US 12,461,545 B2
Intelligent learning and adjustment system for tennis training robot
Li Wang, Jiangsu (CN); and Yong Zhang, Jiangsu (CN)
Assigned to POTENT SPORTS & TECH CO., LTD., Jiangsu (CN)
Filed by POTENT SPORTS & TECH CO., LTD, Jiangsu (CN)
Filed on Apr. 10, 2024, as Appl. No. 18/632,111.
Claims priority of application No. 202410073488.4 (CN), filed on Jan. 18, 2024.
Prior Publication US 2025/0238037 A1, Jul. 24, 2025
Int. Cl. G06V 10/82 (2022.01); G05D 1/656 (2024.01); G06V 20/56 (2022.01); G06V 20/64 (2022.01); G06V 40/20 (2022.01); G05D 101/15 (2024.01); G05D 101/20 (2024.01); G05D 105/60 (2024.01); G05D 111/10 (2024.01)
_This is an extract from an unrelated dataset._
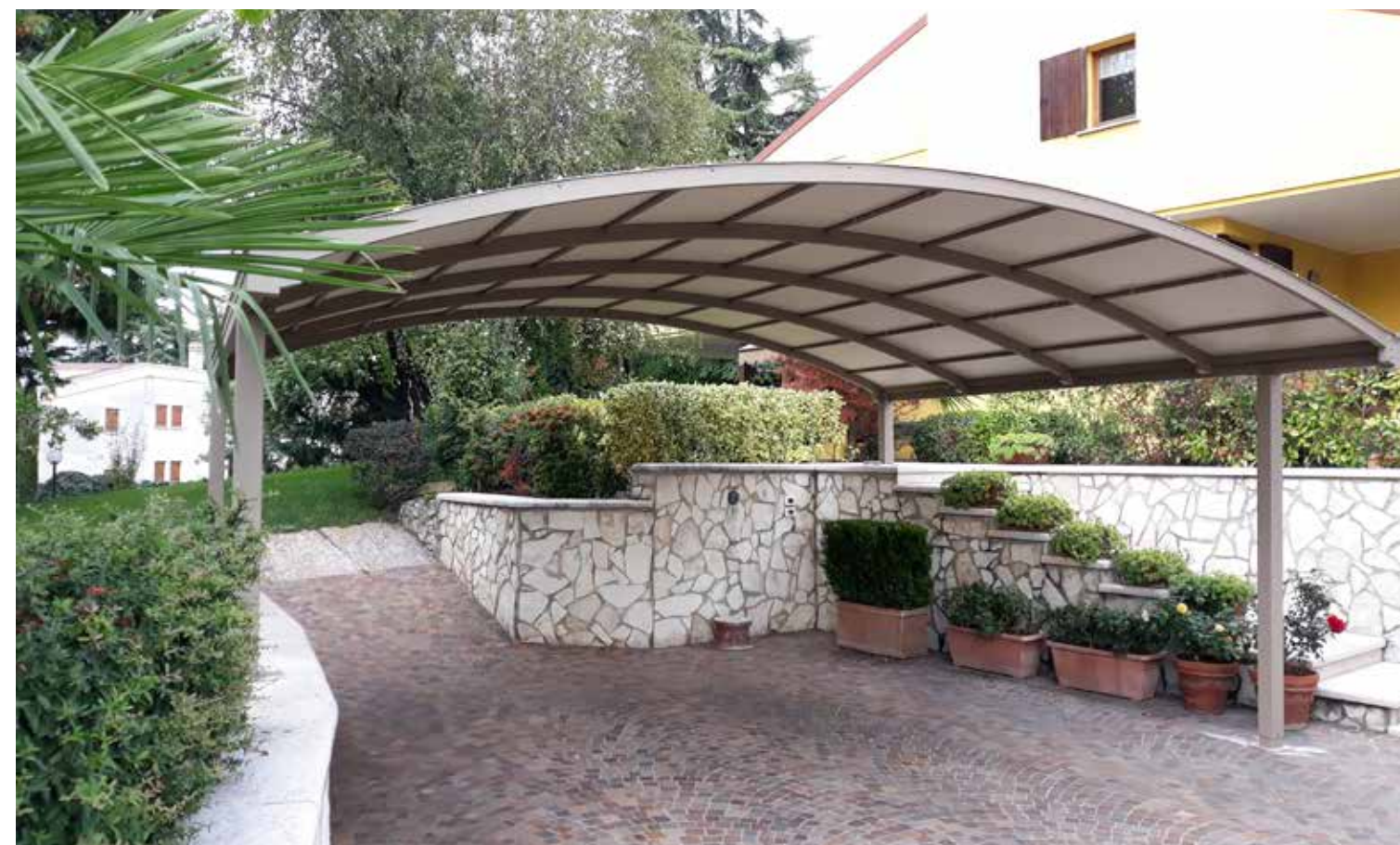
Falda a botte
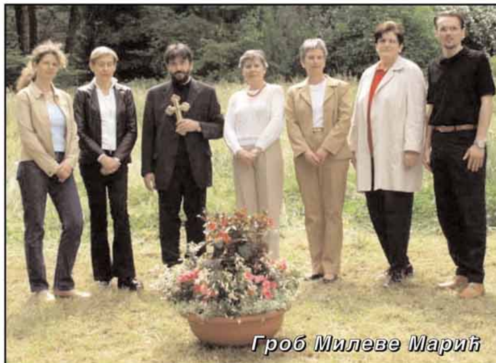
Гроб Милеве Марић

- Ја сам за гроб Милеве Марић сазнао сасвим случајно од католичког фратра у Цириху, који ми је рекао да је Ханц Ајштјан, Милевин и Албертов син још 1973. престао да плаћа гробно место своје баке. Од тада је гроб зарастао у траву и потпуно нестао са лица земље. Чак ни Милевин син, са којим сам разговарао није знао где је њен гроб. А рекао ми је да гроб његовог оца Алберта Ајштајна уопште не постоји. Два месеца сам уз помоћ управника гробља Нортхајм трагао за парцелом број 9357 на којој је 6. јуна 1948.

CPC G05D 1/656 (2024.01) [G06V 10/82 (2022.01); G06V 20/56 (2022.01); G06V 20/64 (2022.01); G06V 40/23 (2022.01); G05D 2101/15 (2024.01); G05D 2101/20 (2024.01); G05D 2105/60 (2024.01); G05D 2111/10 (2024.01)] 5 Claims
OG exemplary drawing
 
1. An intelligent learning and adjustment system for a tennis training robot, comprising an image recognition system, an algorithm model, a back-end processing platform, and an optimization model;
the image recognition system is configured to capture data of tennis balls, such as three-dimensional coordinates, speeds, and speed directions of a plurality of points, and the algorithm model is configured to calculate trajectories of incoming balls according to the captured data to predict placements of the incoming balls;
the algorithm model has a plurality of algorithm layers, and performs predication and classification according to features of tennis image data inputted by the image recognition system;
error loss values between prediction data and true data are calculated by a calculation model according to data of the placements of the incoming balls and athlete levels obtained through transformation operation of data at an algorithm layer, on-site subsequent data received by the back-end processing platform from a main controller, and true values of data from a mobile phone APP, and the back-end processing platform feeds back the error loss values to the optimization model for data optimization; and
the optimization model expands and improves a database according to accumulative data of ball hitting of athletes and feedback on whether predictions are accurate, and provides model training and evaluation functions, such that the tennis training robot is capable of independently evaluating the performance of the athletes on tasks, and the algorithm is optimized based on the extracted evaluation features.